EXERCISE GOAL =
Upon reaching the line that contains "An Analysis of" in the records below, begin repeating every line exactly through the last one, skipping pictures.

DATASET CONTENT =

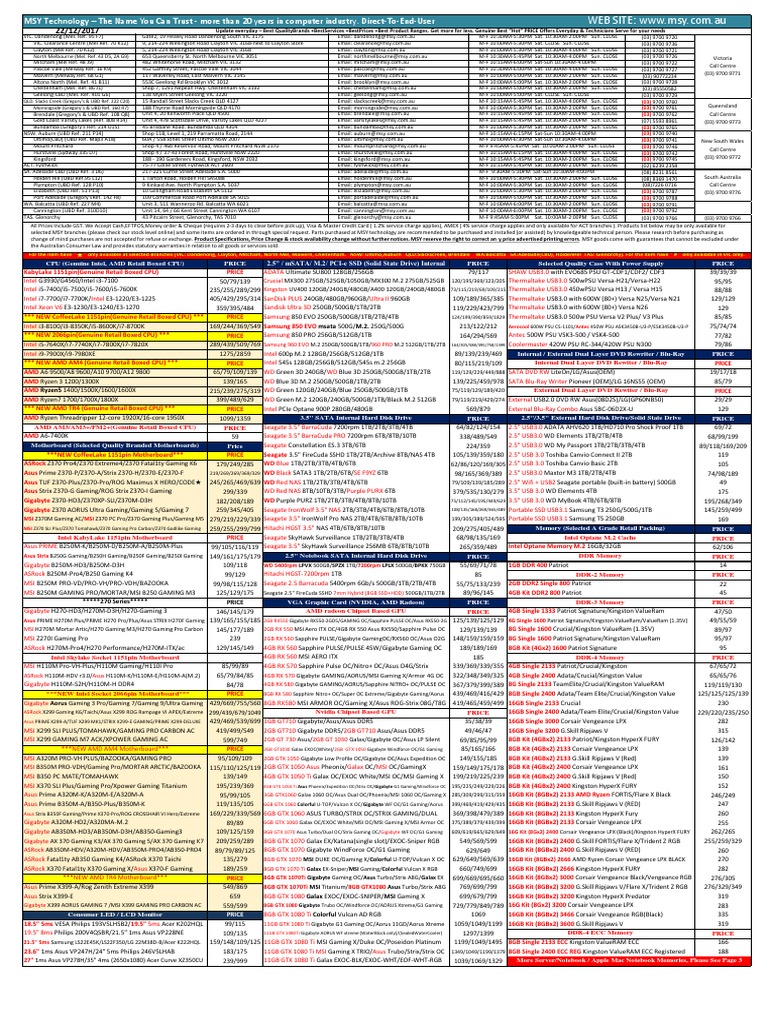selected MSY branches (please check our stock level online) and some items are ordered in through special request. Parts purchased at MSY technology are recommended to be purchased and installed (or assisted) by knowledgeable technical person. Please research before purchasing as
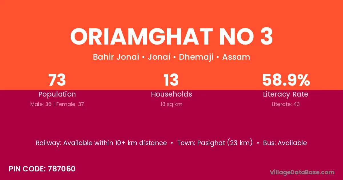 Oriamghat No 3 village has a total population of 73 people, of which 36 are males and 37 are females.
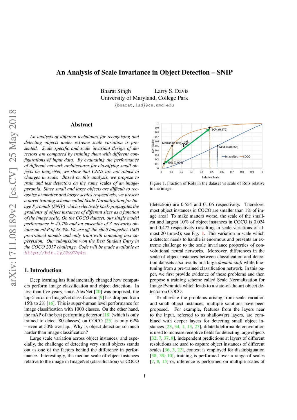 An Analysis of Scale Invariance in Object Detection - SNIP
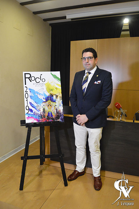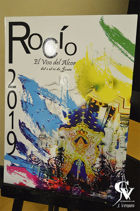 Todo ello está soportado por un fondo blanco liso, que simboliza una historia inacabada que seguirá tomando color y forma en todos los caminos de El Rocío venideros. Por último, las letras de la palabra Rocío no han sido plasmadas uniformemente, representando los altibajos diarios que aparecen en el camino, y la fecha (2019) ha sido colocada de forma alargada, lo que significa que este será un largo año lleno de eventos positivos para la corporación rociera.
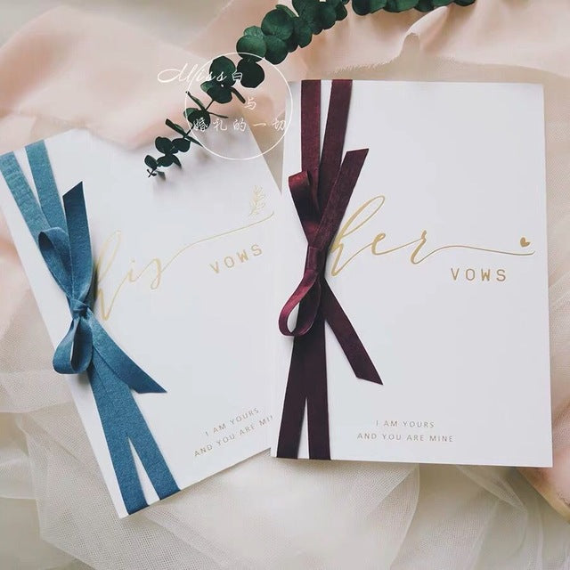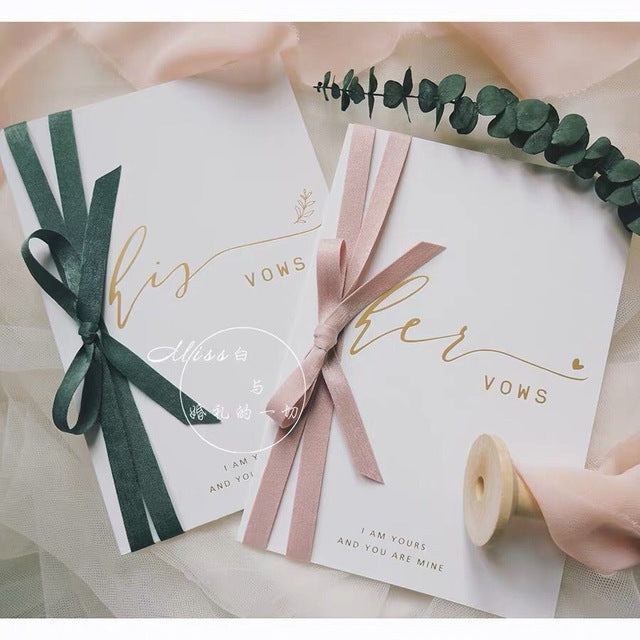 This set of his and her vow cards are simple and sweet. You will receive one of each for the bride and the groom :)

TASK RESULT =
 An Analysis of Scale Invariance in Object Detection - SNIP
 Todo ello está soportado por un fondo blanco liso, que simboliza una historia inacabada que seguirá tomando color y forma en todos los caminos de El Rocío venideros. Por último, las letras de la palabra Rocío no han sido plasmadas uniformemente, representando los altibajos diarios que aparecen en el camino, y la fecha (2019) ha sido colocada de forma alargada, lo que significa que este será un largo año lleno de eventos positivos para la corporación rociera.
 This set of his and her vow cards are simple and sweet. You will receive one of each for the bride and the groom :)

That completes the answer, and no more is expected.